Missing White Woman Syndrome: The Problem With Crime Fiction

I love a good murder mystery.

Unfortunately, I often end up reading terrible ones instead. That is my current situation: I’m halfway through CJ Box’s crime novel The Highway, which was inspired by the real-life Highway Serial Killings Initiative. I’ve read a lot of true crime books and articles (one of the best longform essays I’ve read is The Truck Stop Killer in GQ), so I was familiar with ViCAP and the initiative long before picking up Box’s book.

Here’s the thing: he’s done an awful, awful job of writing about this issue. Box falls headlong into a series of tropes which have been overused and exhausted in crime fiction. The hardboiled “old-school” detective who delivers drunken Batman rants like this:

The tough single mother up-and-coming woman cop who silently frets about her figure (as all women surely must) and has pressing worries like this:

Wow! As a leftist, I’m flattered at CJ Box’s piercing criticism of us. How dare this woman turn off all the lights! True red-blooded Americans must bathe themselves in a fluorescent glow at all times. And he sure got me right with that whole business line. My burning hatred of all forms of business is why I have chosen to live underground and farm mushrooms for sustenance. I’m actually writing this post on a shiitake right now.

No, Box, leftists don’t have some vague irrational hatred of “business”. Leftists despise the inequalities produced by a capitalist system which has historically thrown so many (especially Black and Indigenous people) under the bus when it comes to healthcare, equal pay, and housing. Your flat caricature of a shrill leftist woman is disingenuous and, frankly, misogynistic.

Ah, speaking of misogyny, we haven’t even touched on the rest of the female characters:

The eighteen-year-old who’s described in uncomfortably sexual ways, labelled a “slut” for being flirty, and depicted as a shallow weak little airhead.

Her sixteen-year-old sister who’s shown as “the responsible one”, but most of her inner dialogue is just internalised misogynistic thoughts about how dumb and slutty her sister is.

The serial killer’s unknowing mother, whom Box describes as monstrous for the crime of… being fat (side-note, Box really hates the idea of women being anything but stick-thin and smoking hot. He deliberately uses repulsive, mean language to describe women who dare to stray beyond these categories).

Box’s plot kicks in when the two teenagers go missing, kidnapped by a long-haul trucker who moonlights as a serial rapist and murderer. There are parts of the novel which are genuinely gripping – Box does a great job of highlight the disturbing thought patterns of his as-yet-nameless murderer – but the effect is dampened by the fact that everyone is so damn unlikeable. Even the heroes disgust me.
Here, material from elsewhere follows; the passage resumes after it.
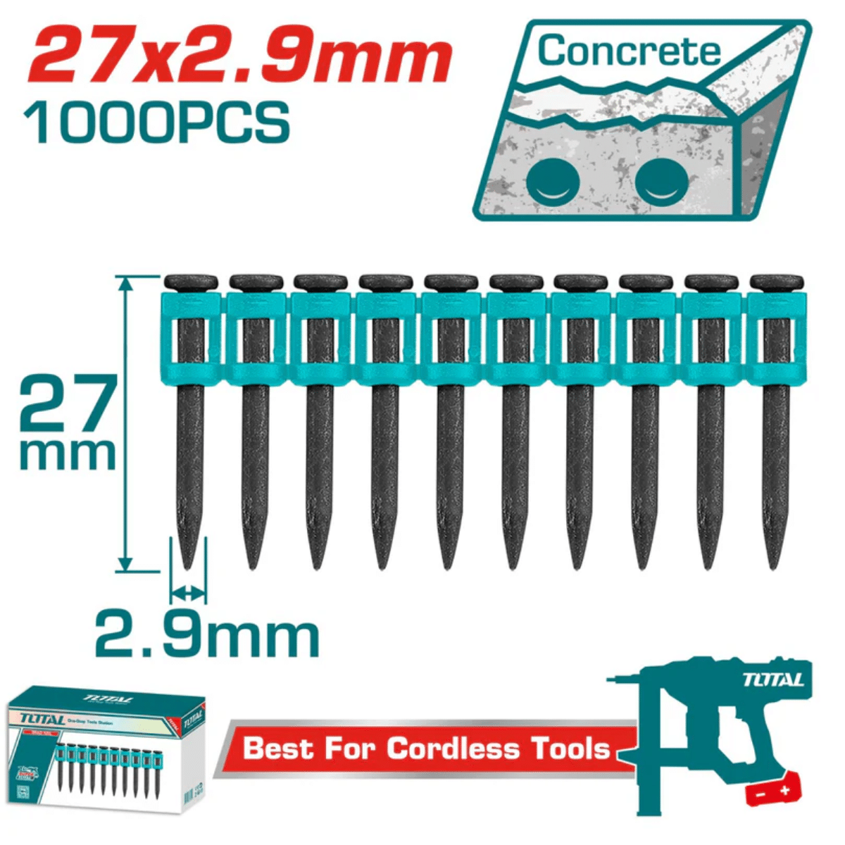 Características | Clavos para clavadora de concreto 27 mm 1000 unidades Compatible con: TCNLI9005, TCNLI9008, UTCNLI9008 |

And then there’s the biggest crime in this novel, the part which makes me wonder why it was considered so remarkable that it got its own ABC show. To put it simply, The Highway is blindingly, implausibly white. Every single named main character, from the detectives to the missing girls to the kidnapped sex worker, is white. Why is this a problem? The Highway is set in Montana, where over one-fourth of missing people are Indigenous. The issue of Indigenous women and children being subject to assault, kidnapping, and murder is so extensive that a term for it has been coined the US and Canada: MMIW, or Missing and Murdered Indigenous Women. The disappearances rise sharply along highways, particularly those which cut through long desolate stretches of countryside: in British Columbia, the Prince Rupert Highway is known as the “Highway of Tears” due to the sheer number of women and children (mostly Indigenous) who have disappeared or been found dead alongside the road.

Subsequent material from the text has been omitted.